►

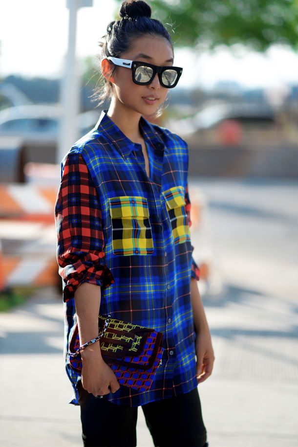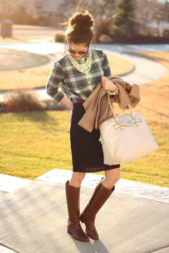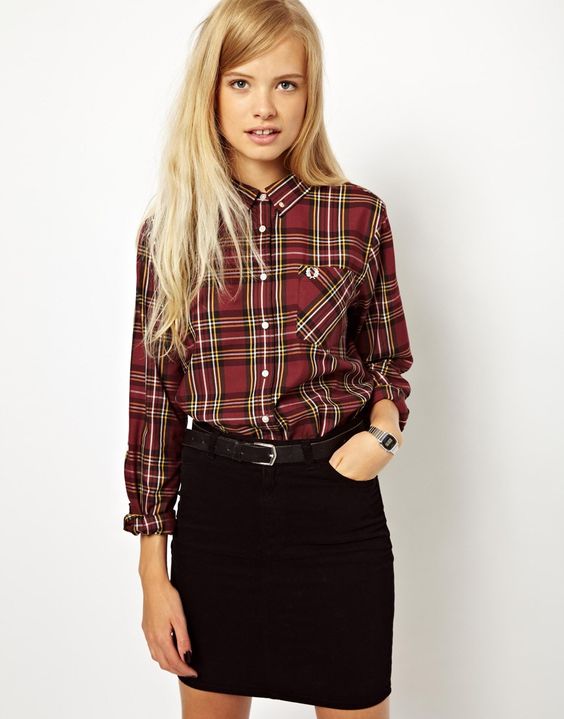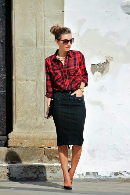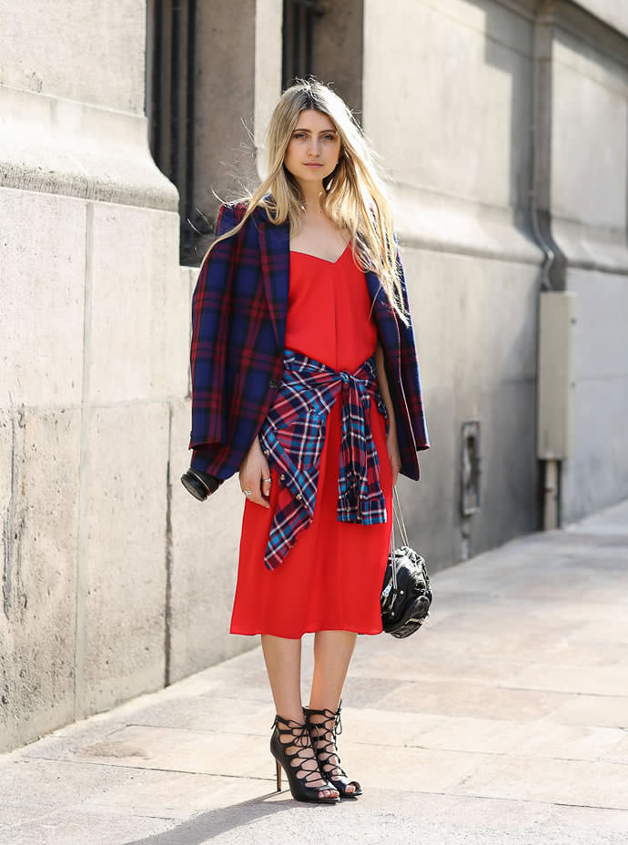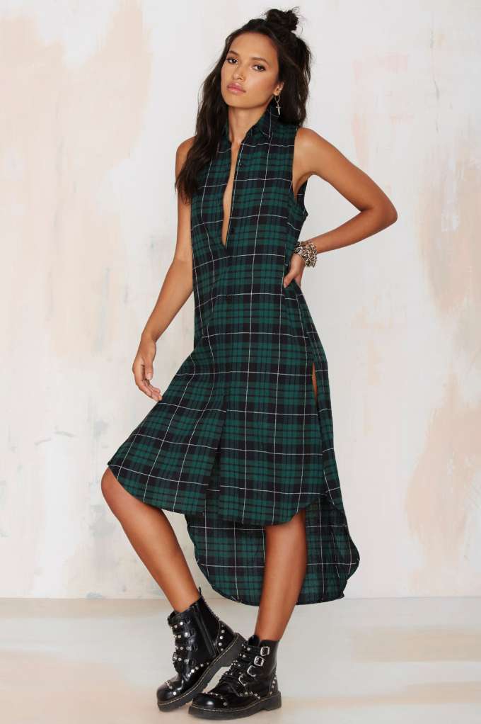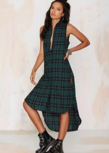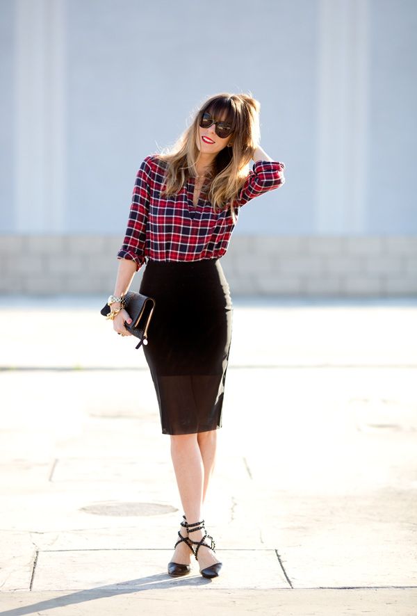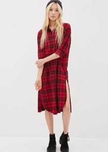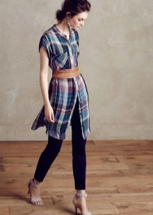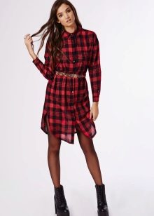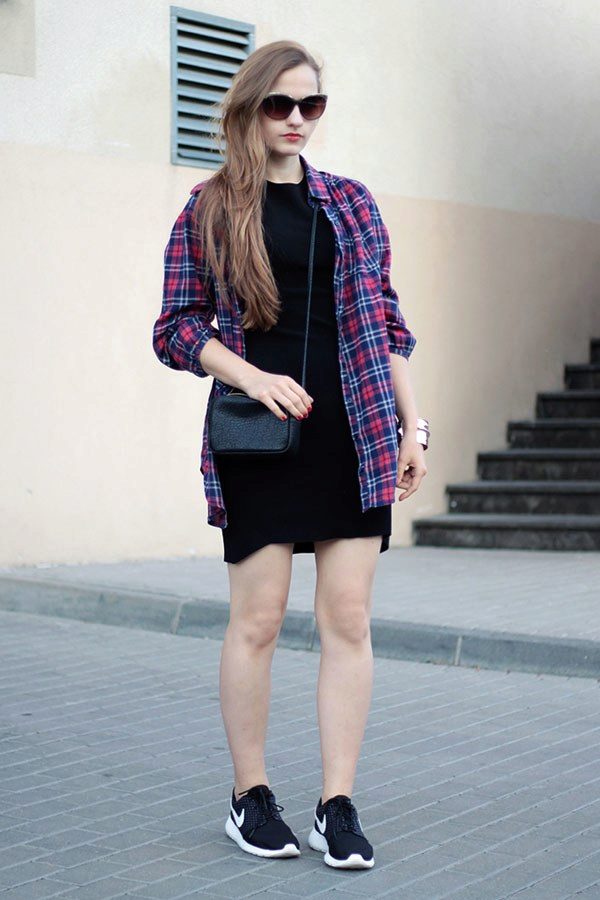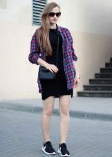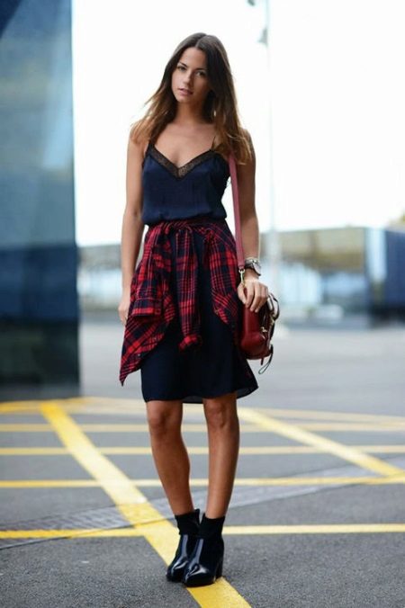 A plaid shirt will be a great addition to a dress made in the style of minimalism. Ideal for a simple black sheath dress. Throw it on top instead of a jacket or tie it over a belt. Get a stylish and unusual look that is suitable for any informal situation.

◄
►

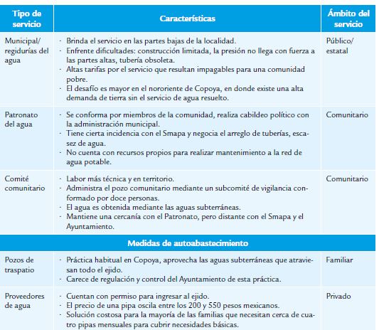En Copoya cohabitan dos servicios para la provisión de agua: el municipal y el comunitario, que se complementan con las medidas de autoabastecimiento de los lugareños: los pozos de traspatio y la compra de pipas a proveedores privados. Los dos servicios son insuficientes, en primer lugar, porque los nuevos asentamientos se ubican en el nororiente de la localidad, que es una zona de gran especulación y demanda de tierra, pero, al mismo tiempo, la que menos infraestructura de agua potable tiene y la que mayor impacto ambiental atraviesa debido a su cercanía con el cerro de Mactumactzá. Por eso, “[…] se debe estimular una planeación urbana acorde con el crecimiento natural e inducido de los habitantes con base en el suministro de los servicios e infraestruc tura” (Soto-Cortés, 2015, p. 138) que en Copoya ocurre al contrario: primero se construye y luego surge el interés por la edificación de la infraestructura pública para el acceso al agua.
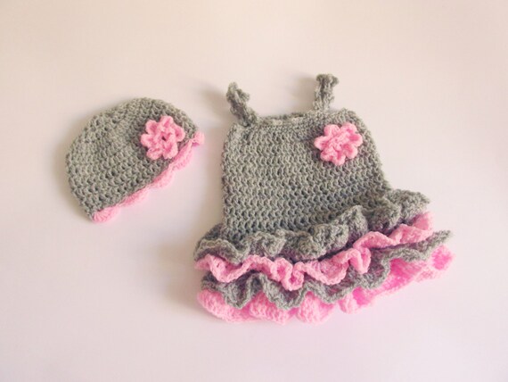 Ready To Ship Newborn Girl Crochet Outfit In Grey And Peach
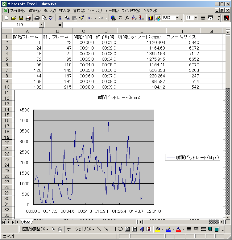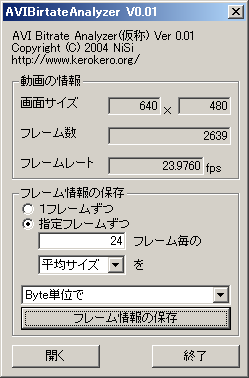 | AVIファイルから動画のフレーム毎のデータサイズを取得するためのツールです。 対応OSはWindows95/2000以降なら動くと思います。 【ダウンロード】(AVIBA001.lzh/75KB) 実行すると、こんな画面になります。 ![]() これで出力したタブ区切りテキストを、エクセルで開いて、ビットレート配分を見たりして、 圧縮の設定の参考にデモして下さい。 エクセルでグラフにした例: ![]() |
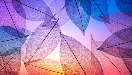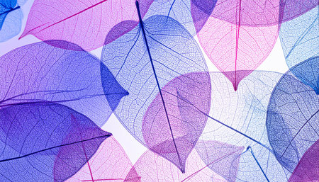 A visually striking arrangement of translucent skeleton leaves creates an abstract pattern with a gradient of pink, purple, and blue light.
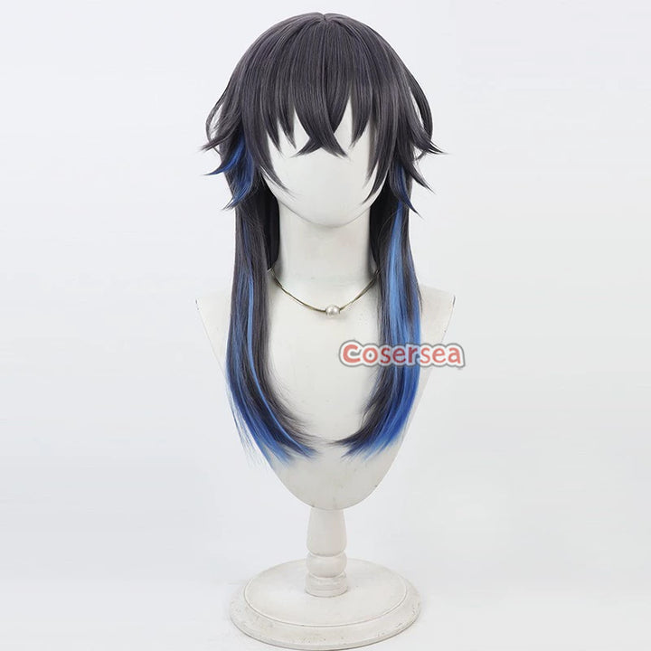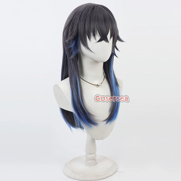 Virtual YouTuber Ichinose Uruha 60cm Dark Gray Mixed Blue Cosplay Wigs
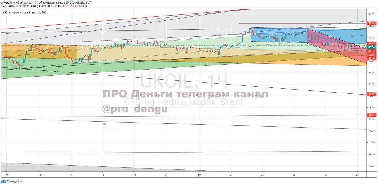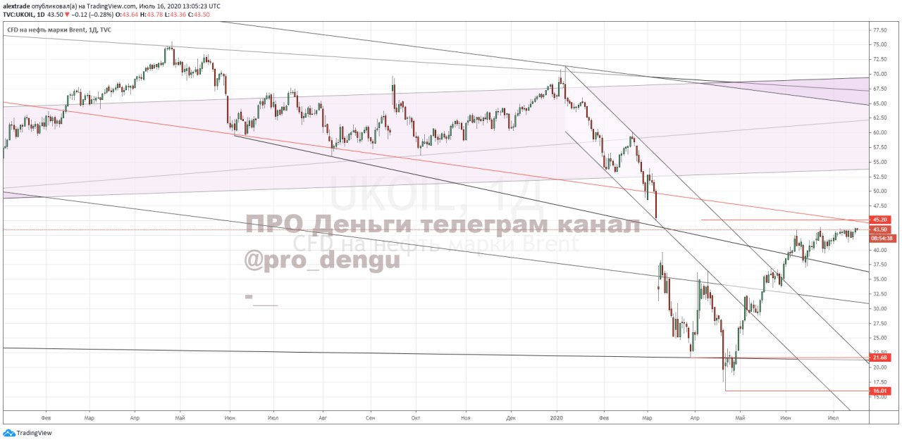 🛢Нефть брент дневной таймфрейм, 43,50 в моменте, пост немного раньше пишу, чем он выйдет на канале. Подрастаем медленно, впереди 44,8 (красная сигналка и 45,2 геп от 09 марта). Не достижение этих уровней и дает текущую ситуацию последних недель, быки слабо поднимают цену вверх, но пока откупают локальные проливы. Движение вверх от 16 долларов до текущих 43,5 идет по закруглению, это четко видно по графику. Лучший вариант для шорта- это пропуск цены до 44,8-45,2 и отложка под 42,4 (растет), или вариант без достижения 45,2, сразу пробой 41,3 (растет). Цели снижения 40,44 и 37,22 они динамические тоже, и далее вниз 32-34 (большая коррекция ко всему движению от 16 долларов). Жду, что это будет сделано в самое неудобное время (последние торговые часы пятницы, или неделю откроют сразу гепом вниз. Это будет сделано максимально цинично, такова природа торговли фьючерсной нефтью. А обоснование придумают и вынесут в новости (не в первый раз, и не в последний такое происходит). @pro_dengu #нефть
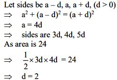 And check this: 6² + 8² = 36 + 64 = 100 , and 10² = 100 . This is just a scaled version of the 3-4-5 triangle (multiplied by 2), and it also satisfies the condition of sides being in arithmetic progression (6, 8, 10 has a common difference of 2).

◄

Transcribe the listing above exactly, but only from the line with "エクセルでグラフにした例: ![]() |" through the line with "происходит). @pro_dengu #нефть". Include both of those lines and omit the pictures.

 | AVIファイルから動画のフレーム毎のデータサイズを取得するためのツールです。 対応OSはWindows95/2000以降なら動くと思います。 【ダウンロード】(AVIBA001.lzh/75KB) 実行すると、こんな画面になります。 ![]() これで出力したタブ区切りテキストを、エクセルで開いて、ビットレート配分を見たりして、 圧縮の設定の参考にデモして下さい。 エクセルでグラフにした例: ![]() |
 A visually striking arrangement of translucent skeleton leaves creates an abstract pattern with a gradient of pink, purple, and blue light.
 Virtual YouTuber Ichinose Uruha 60cm Dark Gray Mixed Blue Cosplay Wigs
 🛢Нефть брент дневной таймфрейм, 43,50 в моменте, пост немного раньше пишу, чем он выйдет на канале. Подрастаем медленно, впереди 44,8 (красная сигналка и 45,2 геп от 09 марта). Не достижение этих уровней и дает текущую ситуацию последних недель, быки слабо поднимают цену вверх, но пока откупают локальные проливы. Движение вверх от 16 долларов до текущих 43,5 идет по закруглению, это четко видно по графику. Лучший вариант для шорта- это пропуск цены до 44,8-45,2 и отложка под 42,4 (растет), или вариант без достижения 45,2, сразу пробой 41,3 (растет). Цели снижения 40,44 и 37,22 они динамические тоже, и далее вниз 32-34 (большая коррекция ко всему движению от 16 долларов). Жду, что это будет сделано в самое неудобное время (последние торговые часы пятницы, или неделю откроют сразу гепом вниз. Это будет сделано максимально цинично, такова природа торговли фьючерсной нефтью. А обоснование придумают и вынесут в новости (не в первый раз, и не в последний такое происходит). @pro_dengu #нефть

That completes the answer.